---- Dataset excerpt

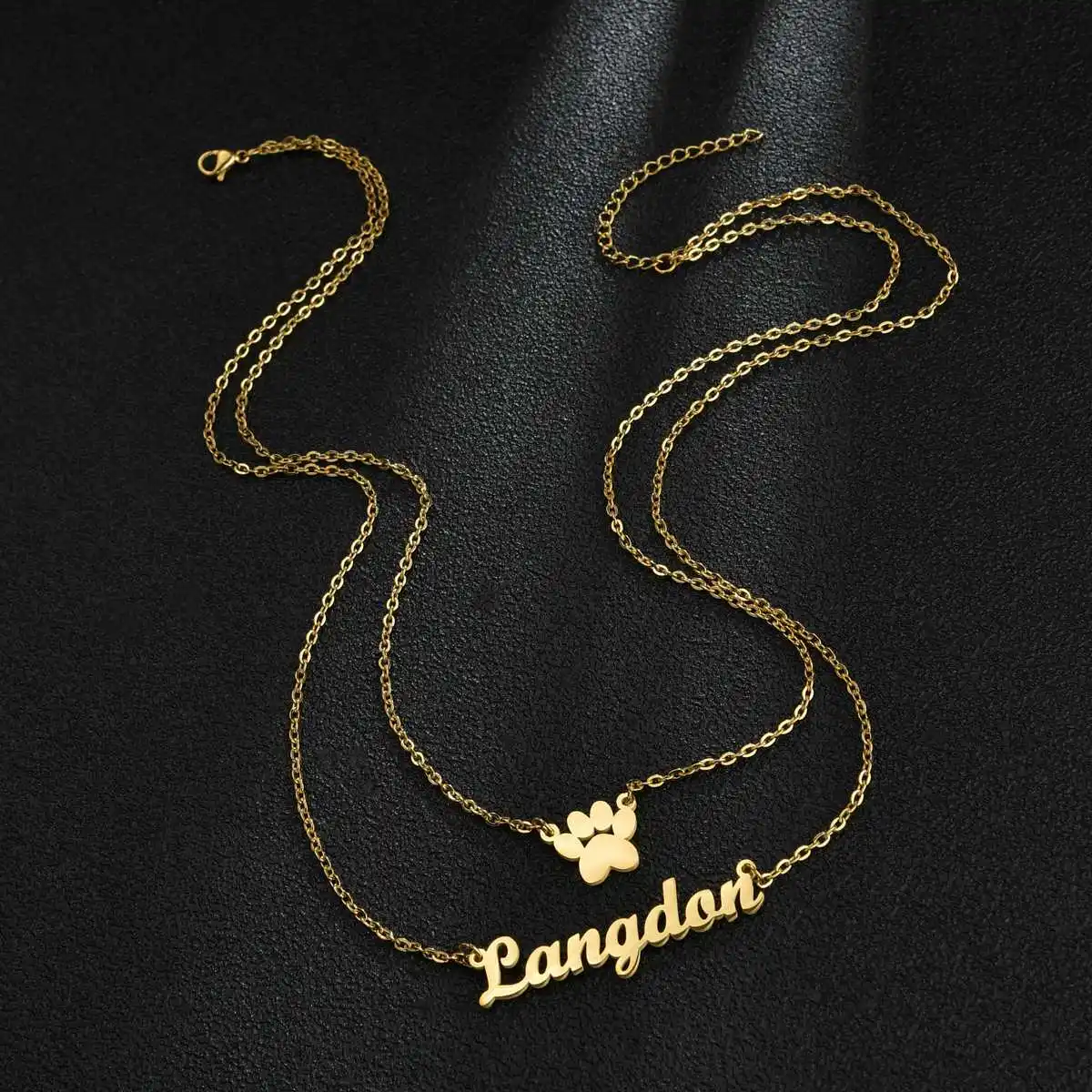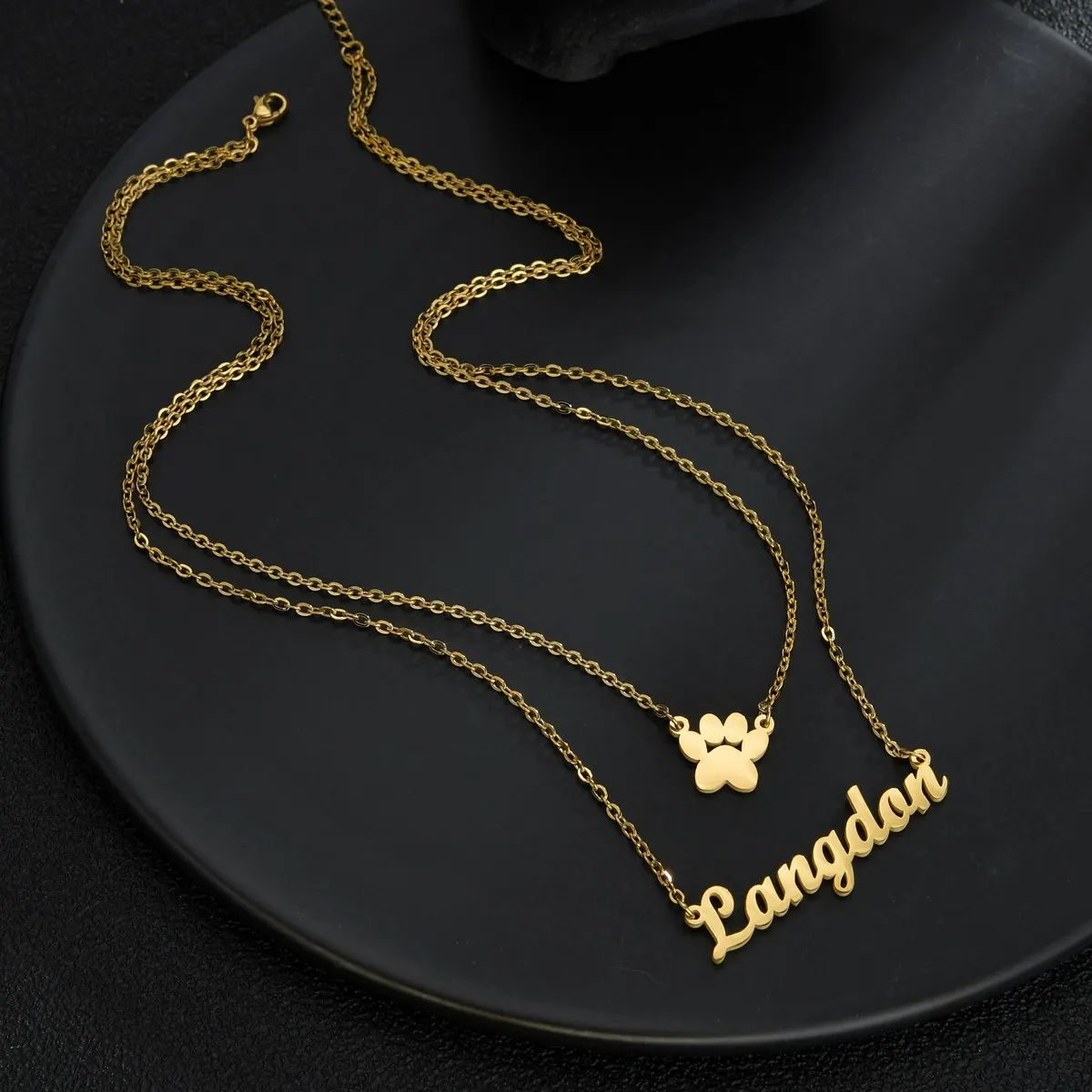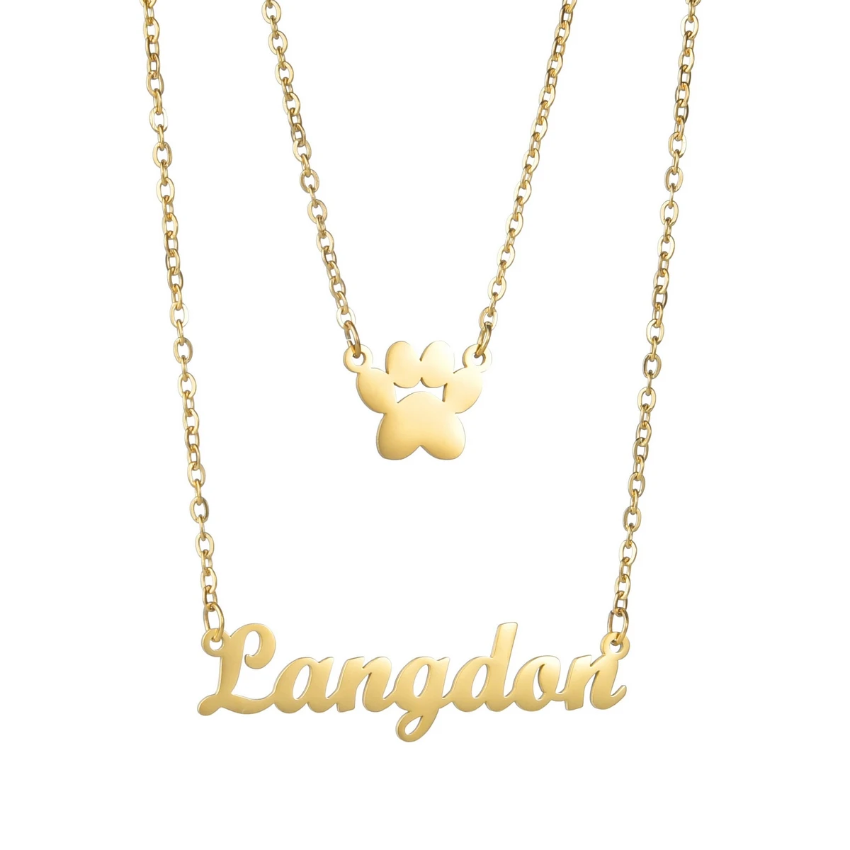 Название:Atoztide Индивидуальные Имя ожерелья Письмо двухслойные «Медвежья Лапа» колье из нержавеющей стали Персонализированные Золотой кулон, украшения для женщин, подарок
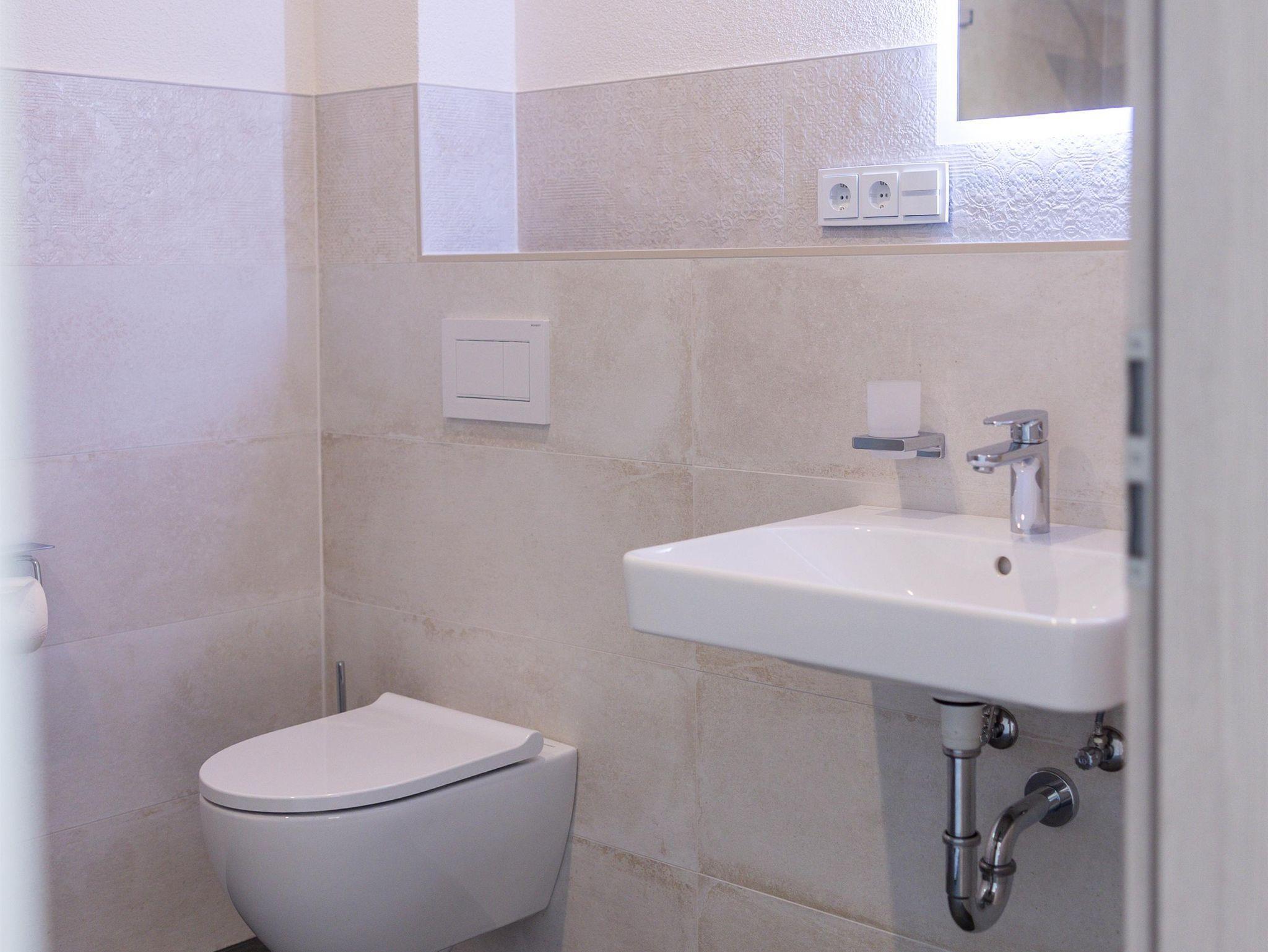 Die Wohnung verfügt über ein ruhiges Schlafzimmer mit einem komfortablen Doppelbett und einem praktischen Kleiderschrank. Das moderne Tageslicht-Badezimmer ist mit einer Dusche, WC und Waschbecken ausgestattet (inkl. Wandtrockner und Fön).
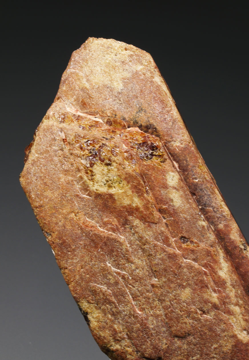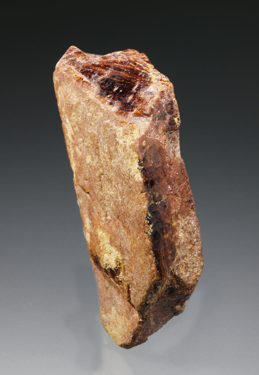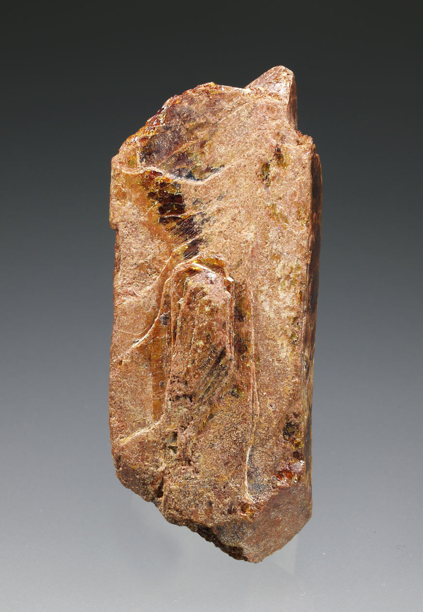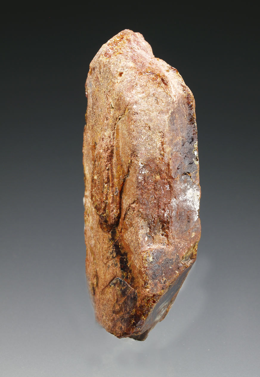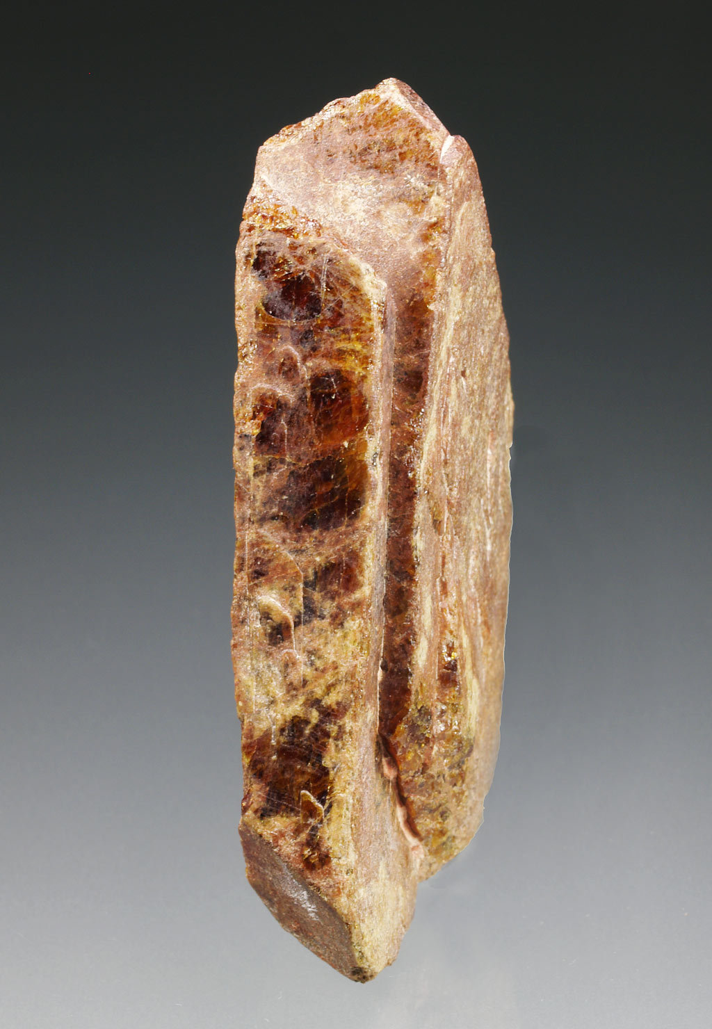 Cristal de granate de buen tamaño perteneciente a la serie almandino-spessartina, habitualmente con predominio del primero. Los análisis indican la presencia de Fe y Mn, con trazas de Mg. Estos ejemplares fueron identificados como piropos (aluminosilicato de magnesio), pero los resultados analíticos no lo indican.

--------

_About this exercise_
Give the data again exactly as written, with no pictures included.

_Exercise response_
 Название:Atoztide Индивидуальные Имя ожерелья Письмо двухслойные «Медвежья Лапа» колье из нержавеющей стали Персонализированные Золотой кулон, украшения для женщин, подарок
 Die Wohnung verfügt über ein ruhiges Schlafzimmer mit einem komfortablen Doppelbett und einem praktischen Kleiderschrank. Das moderne Tageslicht-Badezimmer ist mit einer Dusche, WC und Waschbecken ausgestattet (inkl. Wandtrockner und Fön).
 Cristal de granate de buen tamaño perteneciente a la serie almandino-spessartina, habitualmente con predominio del primero. Los análisis indican la presencia de Fe y Mn, con trazas de Mg. Estos ejemplares fueron identificados como piropos (aluminosilicato de magnesio), pero los resultados analíticos no lo indican.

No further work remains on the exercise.